You quit consulting to go to the University of California, Berkeley, where you enrolled in a geography PhD program. Geography allowed you to combine your primary interests: natural science and people. When talk of a potential shortage of rare earth elements hit the news in 2010, you knew you had your dissertation topic. You traveled to Inner Mongolia to interview people on all sides of rare earth production: geologists, refiners, miners, and local villagers harmed by the pollution. You also tracked emerging plans to produce rare earth elements in new places. You spent months in Brazil, studying proposals to develop new rare earth mines in the Amazon rainforest, as well as a much less destructive plan to extract rare earth metals from the existing waste of a long-established mine in Brazil’s industrial heartland.
Your research made you a respected figure in your field, and you wrote a successful book chronicling the systems that govern rare earth production. Through the 2010s, as rare earth metals started to garner more attention in the media, you were interviewed by news outlets and radio stations as an esteemed expert. Now you work as a professor teaching about sustainable mining and international relations.
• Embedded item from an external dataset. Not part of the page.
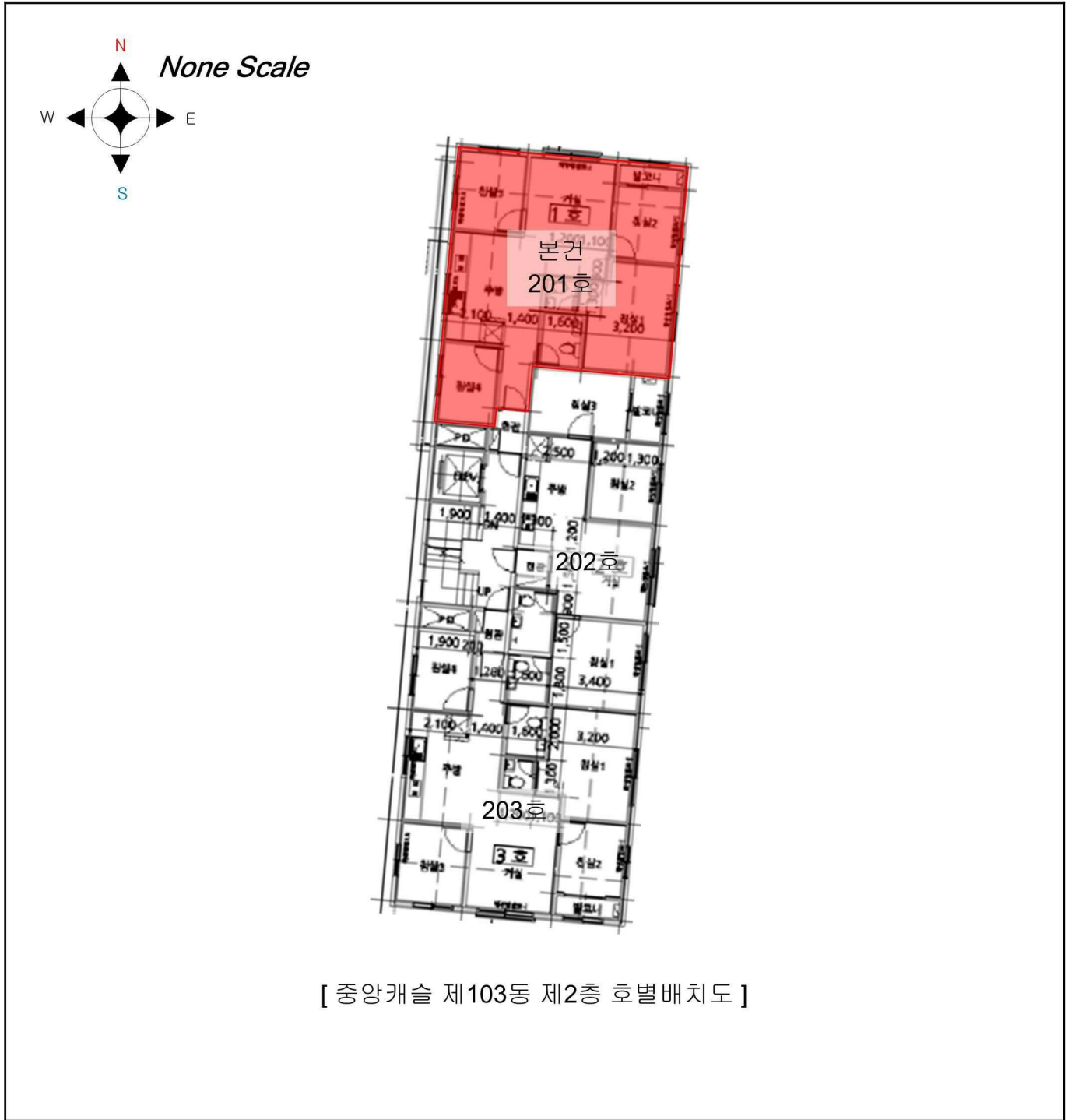
[ 중앙캐슬 제103동 제2층 호별배치도 ]

Your job in these negotiations is to help produce a Sustainability Seal that will help to make the production and use of rare earth metals more sustainable and less harmful to people and the natural world. Your unique skill is understanding the cultures and social systems in different geographical locations where rare earth metals could potentially be mined, now and in the future. In negotiations you are looking for an interdisciplinary approach that stresses the importance of international cooperation in finding a sustainable solution to the production of rare earths.
Your Role
Your goal is to write a statement of guiding values that will set the standards for sustainable practices within the rare earth elements industry. Learn as much as possible from the experts to ensure you make the right decision. During this hearing you should do the following:
- Keep an open mind. Allow yourself to be persuaded by well-reasoned arguments and convincing evidence.
- Find out as much as possible about the issues so you can carefully evaluate the arguments presented. Consider what is in the best interest of the environment and our future.
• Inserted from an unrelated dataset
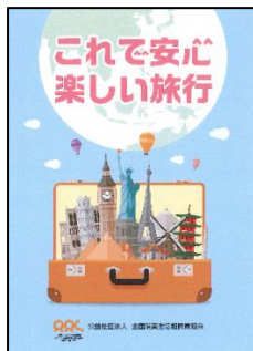
全相協ハンドブック 1 「これで安心 楽しい旅行」

(公社)全国消費生活相談員協会では、この度新たに全相協ハンドブックとして、下記5冊を発行いたしました。生活に役立つ情報をA5サイズでコンパクトにまとめました。是非ご活用ください。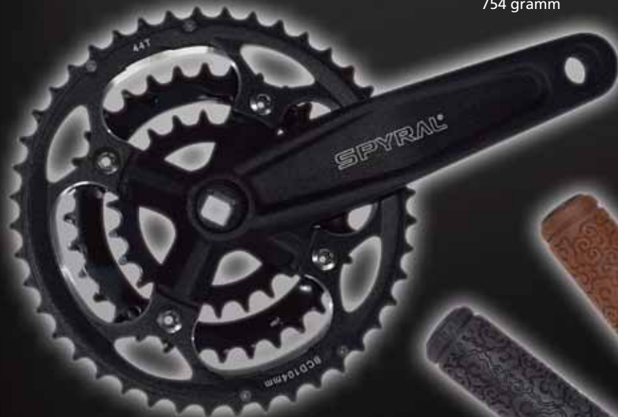
Hajtómű Spyral Tour 22/32/44AL 170mm 754 gramm

- Facilitate discussion and cooperation within and among the groups. Your goal is to implement the best, most effective set of Sustainability Seal guiding values possible, which will require compromise between groups.
Your Assignment
You will become the expert on the Activists Group and report back to your fellow Stewards with an evaluation of the group’s position and arguments. Engage in the following activities as you conduct your research:
- Attend the meetings of the Activists Group to learn more about its arguments and to plan for the hearing. Remember that you are an observer, so you should not participate in discussion.
- Write two questions you would like to ask the Activists Group during the hearing.
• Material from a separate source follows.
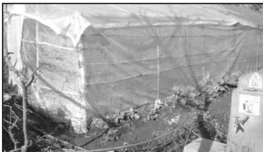
Tomato production inside plastic house together with micro-irrigation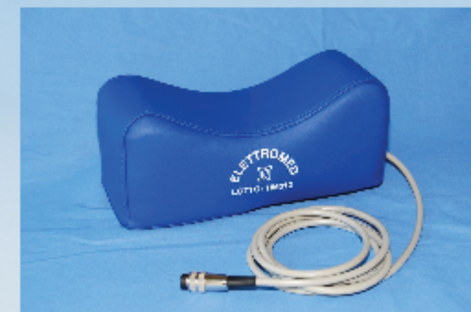
Aplicator Cervical masura 26 x12x12 cm

- Write a one-page analysis of the Activists Group’s main arguments and positions. What are its main concerns? Which of its arguments do you find convincing? Which are unconvincing? Why?
Sources
Group Sources
- Stewards Case Study: Working Outside of Government Regulation to Protect Human Health and the Environment.
- Conniff, Richard. “Greenwashed Timber: How Sustainable Forest Certification Has Failed.” Yale Environment 360, February 20, 2018.
- Sanders, Samantha, dir. “A History of the Environmental Movement.” Commissioned by the Environmental Defense Fund. Green River Films and Kartemquin Films, prod., 2017. (Video, 4:30 min.)
Individual Sources
- Kim, Meeri. “Exposing a Trail of Devastation.” Global Citizen Magazine, Sarah Lawrence College, Fall 2018.
- Klinger, Julie. “Rare Earths: Lessons for Latin America.” Berkeley Review of Latin American Studies, Fall 2013.
- Klinger, Julie Michelle, and Roger Turner. “R&D, Not Greenland, Can Solve Our Rare Earth Problem.” Hill, September 18, 2019.